Test Results :: Eden


Creation is Messy Eden (CiM470) is a gorgeous dark green transparent. It has aventurine in it, and I can see on the CiM pages that other people have had some luck keeping the sparkle and even magnifying it under clear, but I haven't experienced that. Regardless, it's a really pretty green and will make a fabulous encasement layer for my vine canes.


Eden, predictably, doesn't do anything when it is reduced.


From left to right, on top of Peppermint Cream, you see Slytherin Unique #2, Slytherin Unique #1, Algae, and Eden. Eden is a rich, evergreen green that is less yellow than the Slytherins and Algaes of the world.


Silver crusts up on top of Eden, and if you reduce and encase it, you get some blue haze.


Reducing silver glass on top of Eden is nice - I got pretty colours from my frit. The striking silver glass didn't do anything magical.


Eden is a stable, barely reactive colour. Apart from some separation in the Copper Green, Opal Yellow, and Ivory on top of it, it didn't do anything surprising. It's nice that it doesn't react with Ivory.

Here's a goddess bead made from Eden with some Raku shards.



December 13, 2018

Test Results :: Peppermint Cream


Peppermint Cream (CiM488) is a pale, yellowish green opaque colour. It is soft and creamy, and my rods were very well behaved, not shocking at all in the flame. It reminds me quite a bit of an older colour called Linen, except that it has a greenish cast to it.


Nothing of any significance happens when you reduce Peppermint Cream.


This colour is a touch lighter than Dirty Martini and just a shade or two yellower.


When I encased Peppermint Cream after putting silver on it, it cracked under my Effetre 006 Clear. This doesn't mean you shouldn't encase it, but it definitely means that you shouldn't encase it after putting silver on it. This has happened to me with other colours that are otherwise perfectly compatible like Effetre Petroleum Green and CiM Linen. Just proceed with caution, and make a test bead before embarking on a big run of beads the way you always should anyway.


Peppermint Cream seems to be an average base colour for silver glass. It fumed a bit when I reduced the reduction frit, and the TerraNova2 frit started to strike, but no magic happened.

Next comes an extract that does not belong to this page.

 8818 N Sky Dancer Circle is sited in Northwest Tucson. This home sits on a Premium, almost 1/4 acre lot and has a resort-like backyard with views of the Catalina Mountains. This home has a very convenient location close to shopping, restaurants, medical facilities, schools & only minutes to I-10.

Peppermint Cream is not terribly reactive, but it does separate on top of Tuxedo and Ivory.  On top of Tuxedo, it has a milk-moustache sort of appearance, almost translucent.

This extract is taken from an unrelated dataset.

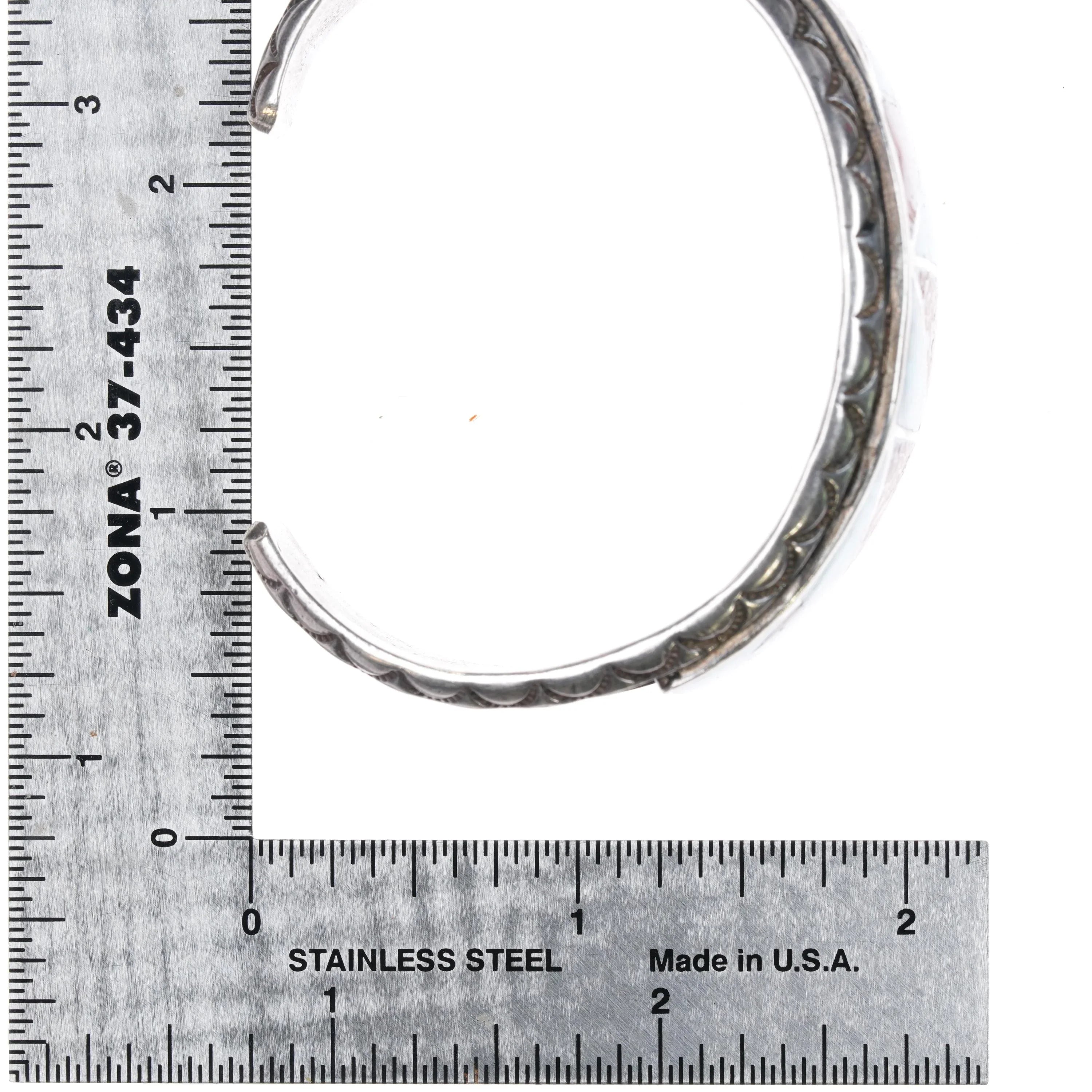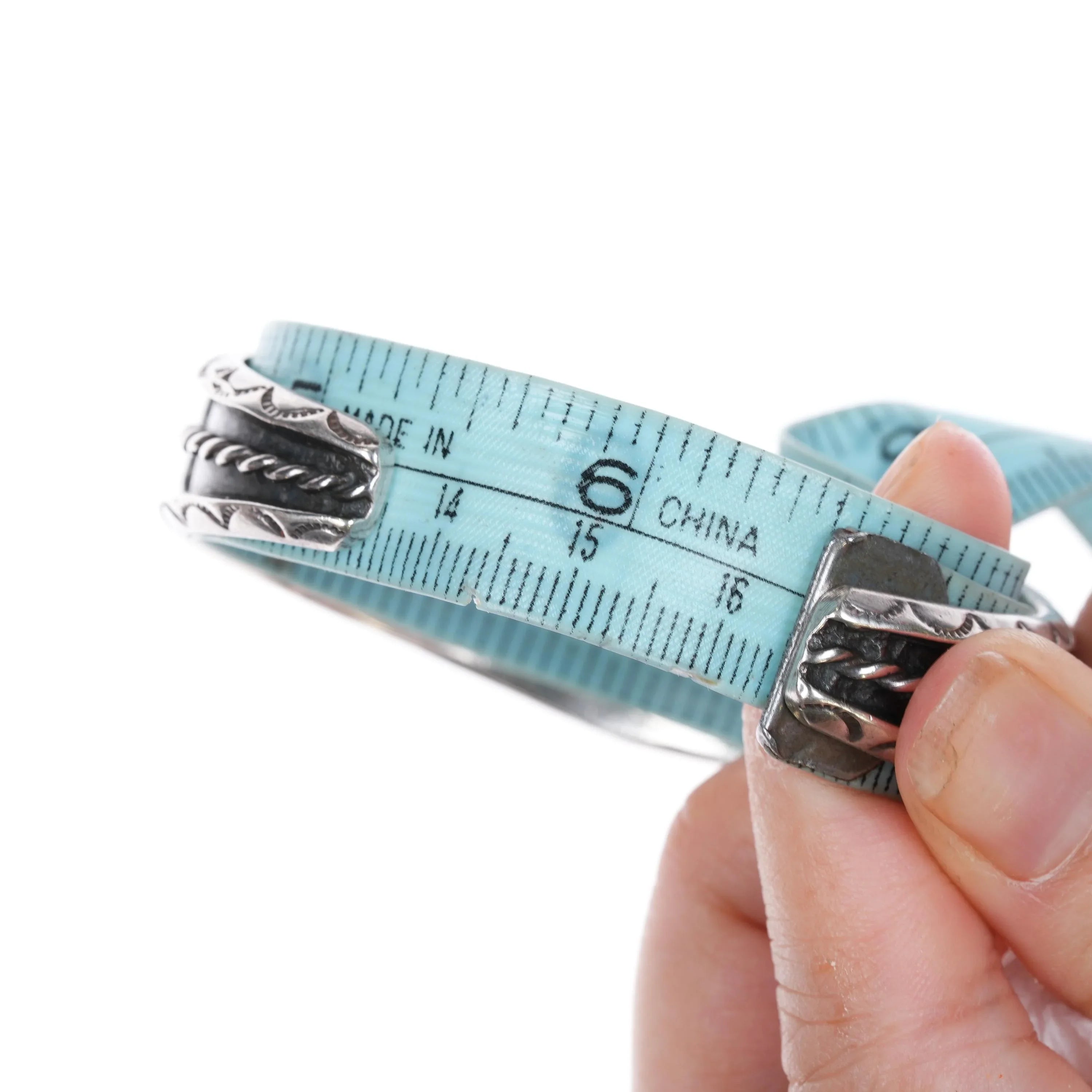 6.4" Vintage Navajo silver chip inlay geometric cuff bracelet nice stamped sides
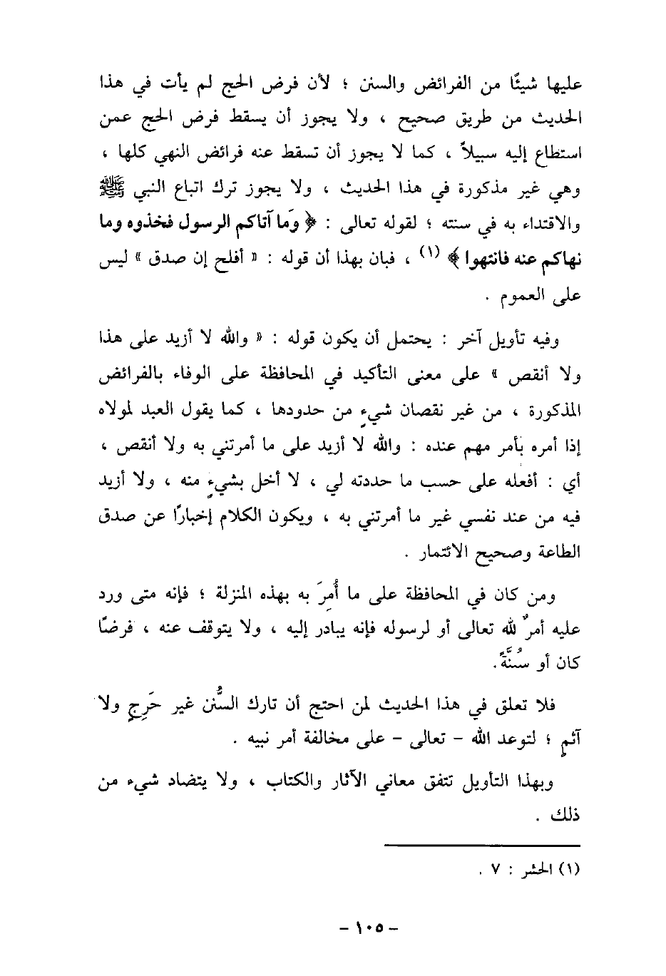 عليها شيئًا من الفرائض والسنن، ولا فرض الحج لم يأت فى هذا الحديث من طريق صحيح، ولا يجوز أن يسقط فرض الحج عمن استطاع إليه سبيلاً، كما لا يجوز أن تسقط عنه فرائض النهى كلها، وهى غير مذكورة فى هذا الحديث، ولا يجوز ترك اتباع النبى (صلى الله عليه وسلم) والاقتداء به فى سنته، لقوله تعالى: (وَمَا آتَاكُمُ الرَّسُولُ فَخُذُوهُ وَمَا نَهَاكُمْ عَنْهُ فَانتَهُوا) [الحشر: 7] ، فبان بهذا أن قوله: تمت أفلح إن صدق - ليس على العموم. وفيه تأويل آخر: يحتمل أن يكون قوله: تمت والله لا أزيد على هذا ولا أنقص - على معنى التأكيد فى المحافظة على الوفاء بالفرائض المذكورة، من غير نقصان شىءٍ من حدودها، كما يقول العبد لمولاه إذا أمره بأمر مهم عنده: والله لا أزيد على ما أمرتنى به ولا أنقص، أى أفعله على حسب ما حددته لى، لا أخل بشىءٍ منه، ولا أزيد فيه من عند نفسى غير ما أمرتنى به، ويكون الكلام إخبارًا عن صدق الطاعة وصحيح الائتمار. ومن كان فى المحافظة على ما أُمِرَ به بهذه المنزلة، فإنه متى ورد عليه أمرٌ لله تعالى أو لرسوله فإنه يبادر إليه، ولا يتوقف عنه، فرضًا كان أو سُنَّةً. فلا تعلق فى هذا الحديث لمن احتج أن تارك السُّنن غير حَرِجٍ ولا آثمٍ، لتوعد الله تعالى على مخالفة أمر نبيه. وبهذا التأويل تتفق معانى الآثار والكتاب، ولا يتضاد شىء من ذلك.

Other colours (Ivory, Opal Yellow, Copper Green, Tuxedo) all seem to spread out on top of it.

Also, you can see in the Tuxedo dots and stringer lines that Peppermint Cream made Tuxedo bleed out into it quite a bit.

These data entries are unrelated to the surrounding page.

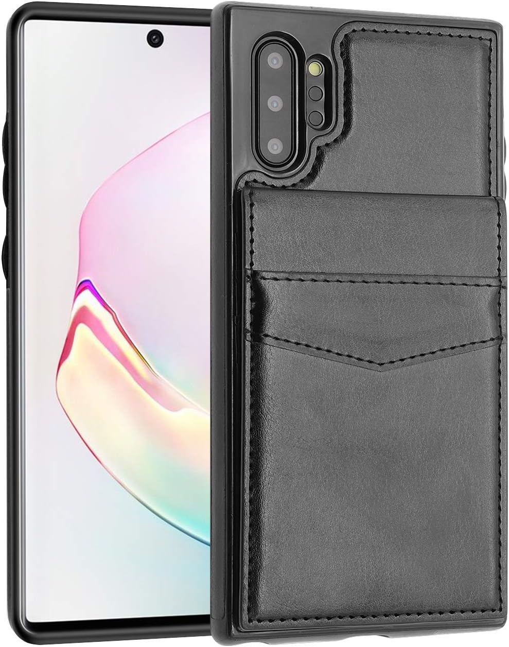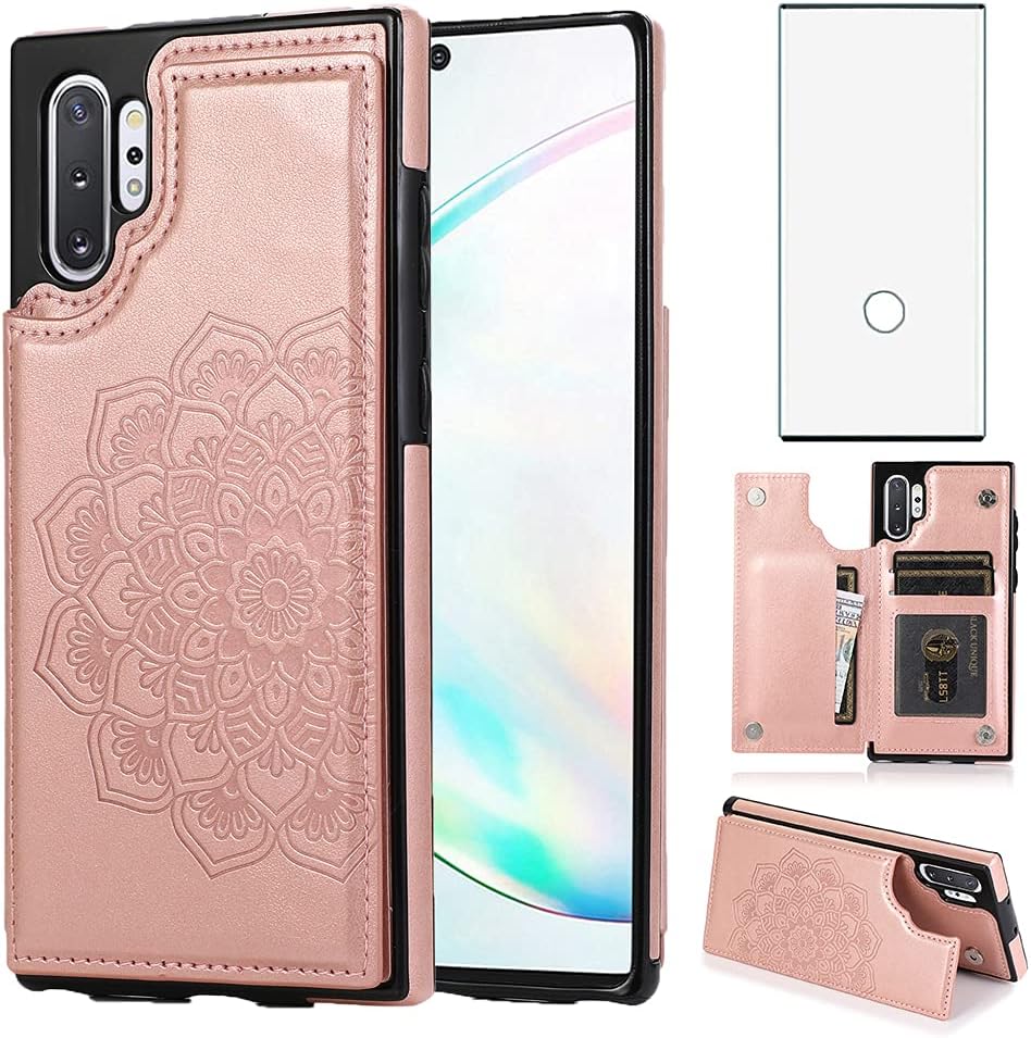 The detachable leather phone case keeps the back of your Note 10 Plus safe from scratches and drops, while the wallet section of the case folds over the screen, providing 360-degree protection . . .
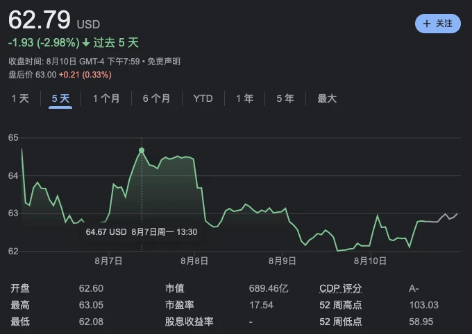 此消息公开后,PayPal 的股价上涨了超过 2% ,最高接近 65 美元;但在随后的第二天,股价则迅速从 65 美元左右跌至 62.65 美元,现报 62.79 美元。
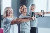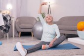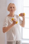 Szczęśliwy starszą kobietę, ćwiczenia z hantlami niebieski
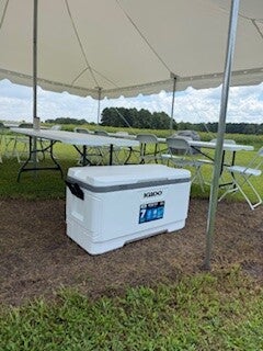 This cooler is HUGE! Holds 250 cans!! Fullly insulated body and lid to ensure the ice lasts the duration of the event.
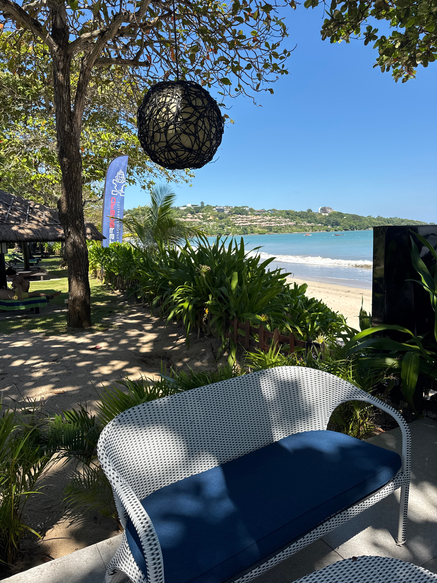 The scene is an outdoor view from what appears to be a patio or elevated area in Kuta Selatan, Indonesia, overlooking a beach. The ocean can be seen in the distance, with a sandy beach stretching alon…read more
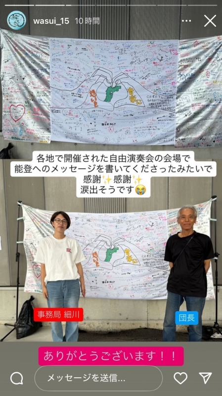 年明けから、以下全国の自由演奏会で能登半島の自由演奏会に向けて寄せ書きを行いました。
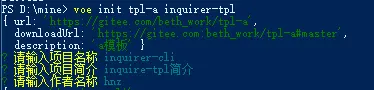 第三步,就可以下载你需要的模板啦。这里我在gitee创建的其中一个模板名为tpl-a,下载后模板命名为aaa,终端输入
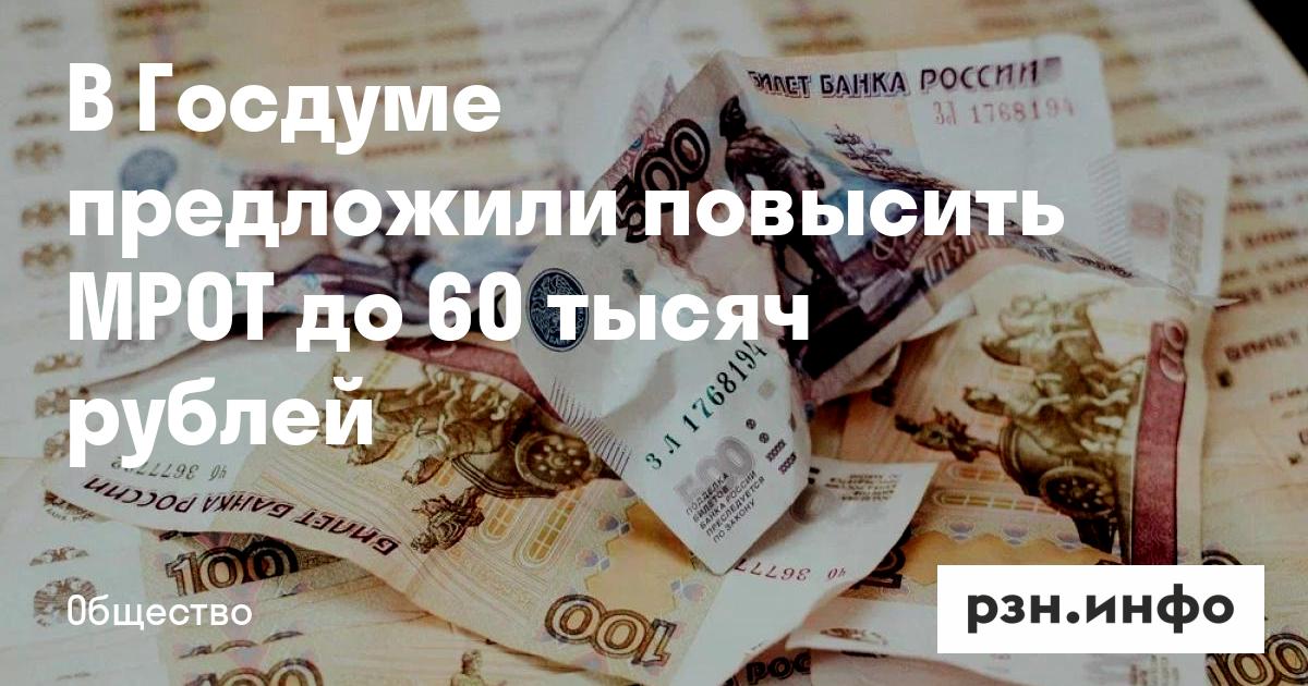 В Госдуме предложили повысить МРОТ до 60 тысяч рублей. Об этом депутат Сергей Миронов сообщил в интервью ТАСС.

Here are some other beads that include some Peppermint Cream:


December 6, 2018

Test Results :: Pistachio


Effetre Pistachio (EFF415) is a gorgeous yellow-green-grey ochre colour, both greener and lighter than most batches of Vetrofond  Yellow Ochre. It's similar to Effetre Apple Blush, but is lighter and more subdued in hue. It's a streaky colour, so sometimes when you use it you get lines in your work where it joins onto itself, but that's its only real flaw.


As you melt Pistachio, it goes a bit lighter than its rod colour, but as you use it the colour all comes back. You can see in the left bead here that it is a bit lighter - it's only because I hadn't struck all of the colour back into it. Pistachio doesn't change colour when you reduce it.


Here you can see that Pistachio reacts with silver in a similar manner to Ivory. Silver discolours and covers its surface when you use it on top, and when you reduce and encase the silver it gets pinkish and blueish tones in it.


Pistachio is an interesting base colour for reducing silver glass because of the neat colour contrast, and I got some nice colour in my TerraNova2 frit, but overall these test beads weren't very remarkable.


Pistachio and Copper Green form a mutual dark line reaction that is more pronounced and invasive when the Pistachio is on top.  It does this with Opal Yellow, too, in a similar way to what you see when you use Opal Yellow and Ivory together.

Ivory separates on top of Pistachio and Pistachio separates on top of Ivory.